17h — Talent Demo ou comment faire du cinéma performatif
Séance de courts-métrages : talent brut et expérimentation
Cette sélection mettait en lumière de jeunes réalisateur·rice·s cherchant à affirmer leur talent mais je dirais plutôt “prouver” leur talent. C’est-à-dire que dans le Q&A ainsi que dans la forme, on sent qu’il y a un manque d’humilité qui entache la sincérité du propos. Un film tourné au format vertical, ou un autre qui était dénué de récit concret mais qui n’était qu’un prétexte pour montrer du “beau”.
Je ne vais parler que d’un seul film : Breadsong. Un petit bijou bizarre, comme je les aime.
Synopsis rapide :
Dans une famille rurale du XIXᵉ siècle, après avoir mangé du pain, les enfants commencent à chanter comme une radio, et exposent l’emplacement d’un trésor. Plus les parents écoutent, plus le prix à payer grandit. Une fable sur l’avidité, la cécité, et les trésors qu’on ne voit jamais.
Le père nourrit son fils de pain noir pour qu’il chante et révèle la cache du trésor… jusqu’à l’écœurement. C’est cruel, absurde, fascinant.
L’image est splendide : des backlights maîtrisés, un low-key qui renforce la claustrophobie. Les costumes sont magnifiques, et l’étalonnage semble fait pour donner de la vie aux matières. J’adore quand un film ose être étrange sans honte.
Un défaut récurrent des courts-métrages réside dans leur envie constante d’adopter une esthétique standardisée : ce « look pellicule », souvent dans des tons « teal and orange » avec de jolis backlights. En cherchant à se démarquer, ces films finissent par s’inscrire dans une catégorie où l’on semble surtout vouloir prouver une maîtrise technique (« J’ai des Skypanels, des Nanlux, et je sais m’en servir »). Excusez cette critique, mais, à l’exception des documentaires, j’ai rarement l’impression d’être visuellement surpris dans ce festival.
18h30 — Exposition : Femmes à la caméra
Le vernissage était un vrai plaisir : rencontres, échanges, une énergie extrêmement bienveillante. Nancy Schreiber, grande cheffe opératrice américaine, a reçu une belle standing ovation. Accompagnée de son ami Texan (au chapeau relativement cliché), elle a prononcé un discours vibrant, plein d’espoir et de force, en soutien à l’association en pleine croissance et tout à fait géniale : Femmes à la caméra.
Mention spéciale également aux cressins accompagnés d’houmous et d’une IPA. Fait amusant : les chefs ops semblent préférer le vin, tandis que les aspirants optent pour la bière.
La soirée a continué avec un verre et une partie de fléchettes, celle-ci devenant presque compétitive.
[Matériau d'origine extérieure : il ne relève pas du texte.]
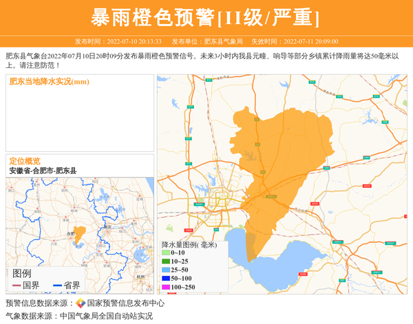 肥东县气象台2022年07月10日20时09分发布暴雨橙色预警信号。未来3小时内我县元疃、响导等部分乡镇累计降雨量将达50毫米以上。请注意防范! 信息来源:国家预警信息发布中心; 发布单位:肥东县气象局。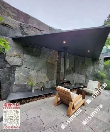 柬埔寨芝麻黑自然面背景墻劈裂石文化石新老礦芝麻黑石

Deuxième observation amusante : les étudiant·es de la Fémis ne peuvent s’empêcher de jouer pour la gagne! Pour eux·elles, perdre semble entacher leur dignité. (J’en ris parce que je les connais bien, et ce petit groupe de six de la Fémis est d’une gentillesse !)
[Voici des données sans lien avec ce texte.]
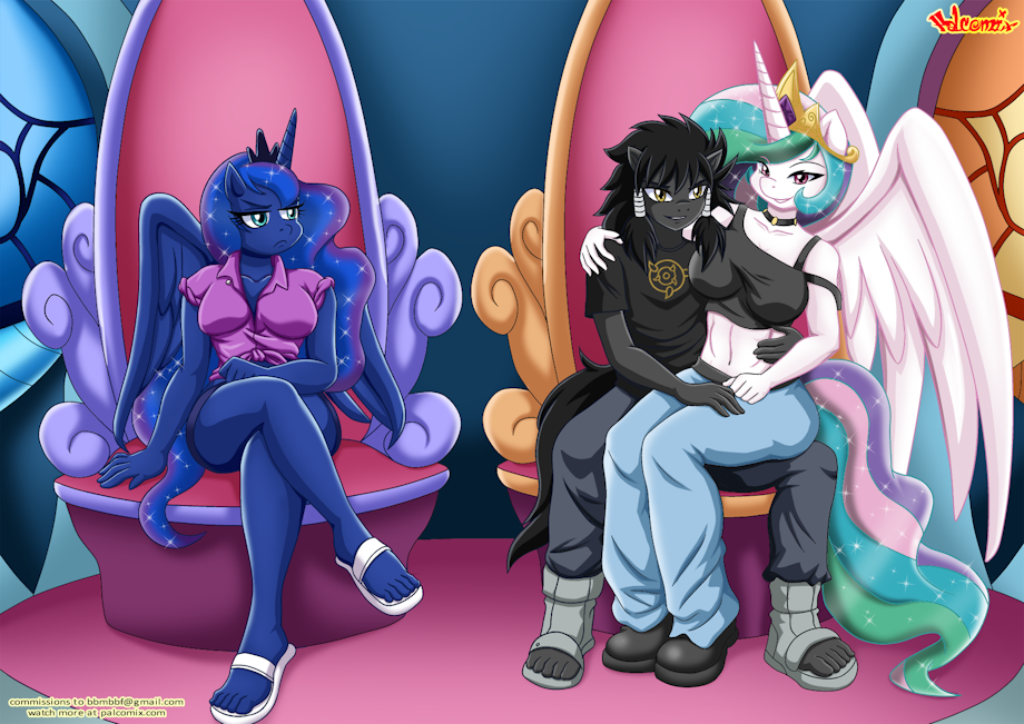 I like the outfits they're wearing. Poor Luna. Celestia always has to one-up her.

2 petites réflexions du jour
1. Le bokeh : pourquoi le cherche-t-on autant ?
Le bokeh, ou les flous d’arrière-plan, sont presque devenus un fantasme visuel. On cherche à représenter avec la caméra un effet que l’œil humain ne perçoit pas vraiment — ou pas de la même manière.
Pourquoi ce besoin ?
Peut-être parce que le bokeh, en simplifiant le monde, le rend plus doux. Il isole. Il met à distance ce qui nous dépasse. C’est une manière de dire : je veux voir quelque chose précisément, et laisser le reste se dissoudre.
Pour l’anecdote, pour la review d’hier, j’ai tenté de proposer mes photos avec effet bokeh comme image de couverture, mais elles ont été jugées trop abstraites. Il semble donc que l’effet bokeh soit apprécié en arrière-plan, moins au premier plan.
2. C-Stand ambulant
Depuis deux jours, quelque chose d’étrange me taraude : des gens se promènent avec des C-stands. J’en ai croisé pas moins de trois ! Je n’ai pas osé les interrompre. Promis, la prochaine fois, je vous ramène une interview de l’un ou l’une d’entre eux.elles.